Он дал мне серебряный рубль, пачку папирос. И наскоро выпив рано утром чаю, я отправился на вокзал, где уговорился с кондуктором товаро-пассажирского поезда. Я дал кондуктору сорок копеек. Он посадил меня в пустой товарный вагон и запер его. У меня были хлеб, колбаса. Пока тянулся день, я расхаживал по вагону, мечтал, ел, курил и не зяб, но вечером ударил крепчайший мороз, градусов двадцать. Всю ночь я провел в борьбе с одолевающим меня сном и морозным окоченением: если бы я уснул, в Перми был бы обнаружен мой труп. Эту долгую ночь мучений, страха и холода в темном вагоне мне не забыть никогда.

Наконец, часов в семь утра, поезд прикатил в Пермь. Выпуская меня, кондуктор нагло заметил:

— А я думал, что ты уж помер!

На рыже, в чайной было жарко, тесно; множество мужиков и рабочих, следующих, как и я, на заработки, чаевничали, курили, кричали, пили водку. Под столами были свалены мешки, котомки. Дым знаменитой махорки «Три звездочки» заскакивал в дыхательное горло удушьем. Так как у меня не было денег, то я обменял свою баранью шапку на старую из поддельной мерлушки, получив двадцать копеек придачи, и напился чаю с баранками, а затем, около девяти часов, пошел с письмом отца к Ржевскому.

Прочтя письмо отца, Ржевский — замкнутый, спокойный поляк лет сорока — пошептался с женой, и она передала меня какому-то старичку, может быть, ее отцу или отцу Ржевского. Старичок повел меня по лестнице наверх, и я очутился в очень просторной, очень светлой большой квартире. Пол был паркетный, обои светлые, мебель в чехлах. Картины и огромные тропические растения поразили меня. Еще никогда я не был в такой квартире, а о паркетах только читал.

В тот день была оттепель, отчего мои валенки просырели, и я с ужасом видел, что на каждом шагу оставляю широкие грязные пятна сырости. Заколебавшись, я остановился. Между тем старичок со всей возможной деликатностью, а может быть, с тайным ехидством ласковым движением руки приглашал меня итти все дальше за ним, через гостиные, залы — в столовую. Я думаю теперь, что меня могли бы избавить от такого унижения.

Я останавливался раз пять. Уши мои горели. Наконец я был в столовой, где кипел серебряный самовар, и тотчас же сел за стол, поглубже упрятав ноги. Кроме старичка, были здесь старушка и девочка, а вскоре пришли хозяева, Ржевские. От смущения я лепетал не знаю что.

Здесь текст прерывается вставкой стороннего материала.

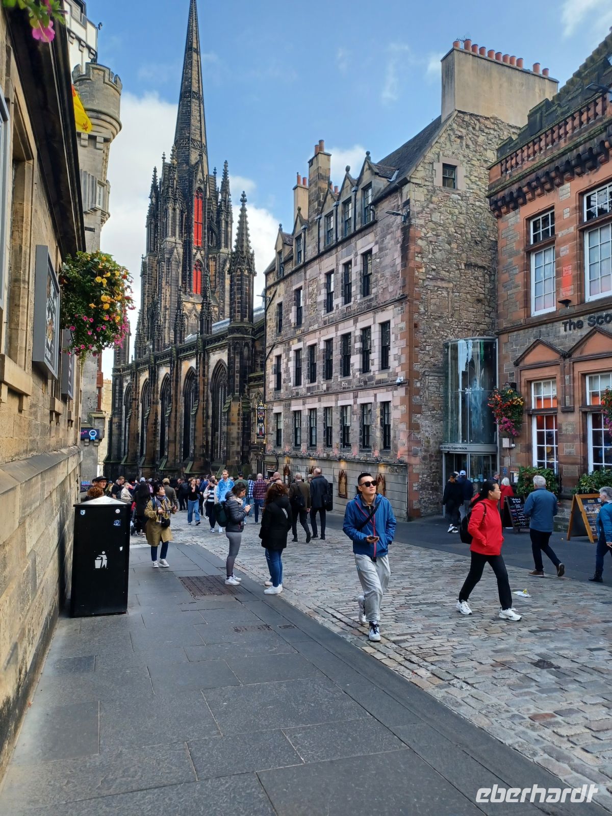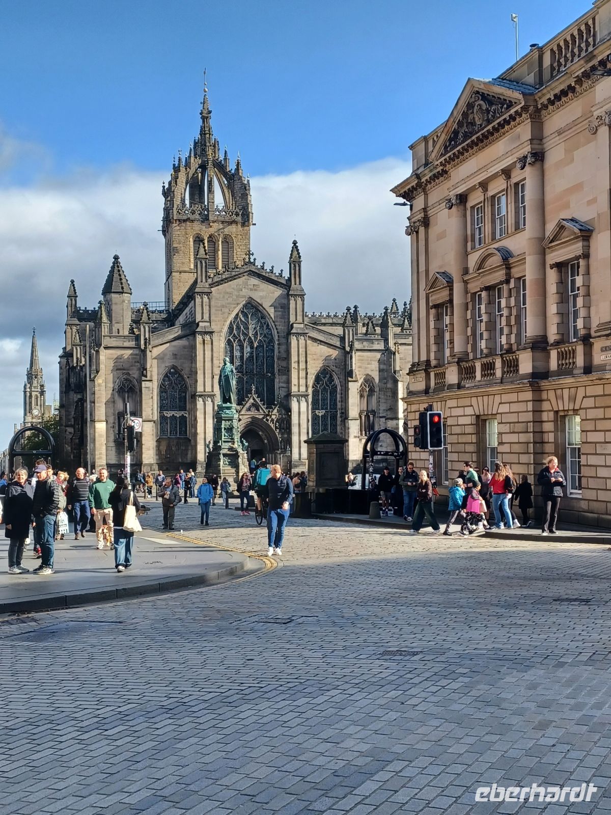 Ian der örtliche Reiseleiter wartet schon in der Lobby des Hotels. Er wird uns heute während einer Stadtrundfahrt Edinburgh – seit dem 15. Jahrhundert Hauptstadt Schottlands - näherbringen. Auf der Fahrt durch die zwei Stadtteile scheint die Sonne und die gesamte Stadt wirkt wunderschön. Die Altstadt weist eine zentrale Straße auf, begrenzt durch die Burg auf einer Seite und dem Holyrood Palace auf der anderen Seite. Im wahrsten Sinne eine königliche Straße, die aufgrund ihrer Länge auch den entsprechenden Namen trägt: „Royal Mile“. Ian zeigt uns die schönen alten Häuser in der Altstadt die die Royal Mile säumen. Hier laden viele kleine Geschäfte und einige Dudelsackspieler zum Bummeln und Verweilen ein. Am Nachmittag, wenn wir Freizeit haben, gehen wir sicherlich hierher. Schon jetzt erkennen wir, dass sich das historische Edinburgh wesentlich von dem industriell geprägten Glasgow unterscheidet. In der Neustadt ist die zentrale Straße die Princess Street, wo wir das riesige Denkmal für den schottischen Nationaldichter, Walter Scott, sehen. Dessen Wohnhaus und Garten werden wir am nächsten Tag besuchen. Mit Ian laufen wir nach der Rundfahrt zum Eingang des Edinburgh Castle und sehen, dass gerade die Zuschauertribünen abgebaut werden, die während des Military Tattoo im August tausenden Touristen Sitzgelegenheiten bieten, während sie der Dudelsackmusik von Orchestern aus dem Vereinigten Königreiches und dem Ausland begeistert lauschen und am Ende gemeinsam das schottische Volkslied „Auld Lang Syne“ singen. Wir überqueren den Vorplatz der Burg und Ian führt uns noch eine Weile und erklärt die wichtigsten Sehenswürdigkeit innerhalb des Burggeländes. Dort sehen wir auch die lange Warteschlange der Menschen, die unbedingt einen Blick auf den Krönungsstein werfen wollen. Er wurde im Mai 2023 zur Krönungsfeier von Charles III. ausgeliehen und ist jetzt wieder an seinem seit 1996 angestammten Platz im Edinburgh Castle. Darüber hinaus können auch die schottischen Krönungsinsignien hier besichtigt werden. Nachdem sich Ian von unserer Gruppe verabschiedet hat, haben wir nun Freizeit und gestalten den Nachmittag und Abend ganz unterschiedlich. Einige Gäste warten noch auf den traditionellen Kanonenschuss um 13 Uhr, andere laufen gleich noch einmal zurück zum Holyrood Palace oder zum Gebäude des Parlaments. Andere Gäste hören den Dudelsackspielern in der Royal Mile zu und gehen in einen der vielen traditionellen Pubs, wie „Greyfriars Bobby“, der nach dem Hund benannt wurde, der 14 Jahre lang immer wieder zum Grab seines Herrn kam. Es ist schön, einmal allein die sehenswerte Metropole Schottlands zu erkunden. Morgen ist unser letzter Tag unserer Rundreise bevor es dann wieder nach Hause geht.

Говорил о приисках золота, рассказывал свои морские похождения, рассказывал об отце, о нашей семье. Я сказал: «Как у вас хорошо!» — чем, видимо, польстил хозяевам, но в ответ получил рассуждение о том, что такой комфорт достигается упорным трудом. Я выпил стакан чаю с молоком в серебряном подстаканнике, с’ел колбасы, сыру. Куда-то уйдя, Ржевский вернулся с письмом. Это была записка вагонному мастеру железнодорожного депо с просьбой дать мне работу. Затем, узнав, что я без денег, Ржевский дал мне рубль и велел приказчику завернуть для меня три фунта разной колбасы. Я попрощался и ушел тем же путем, провожаемый внимательными взглядами служащих.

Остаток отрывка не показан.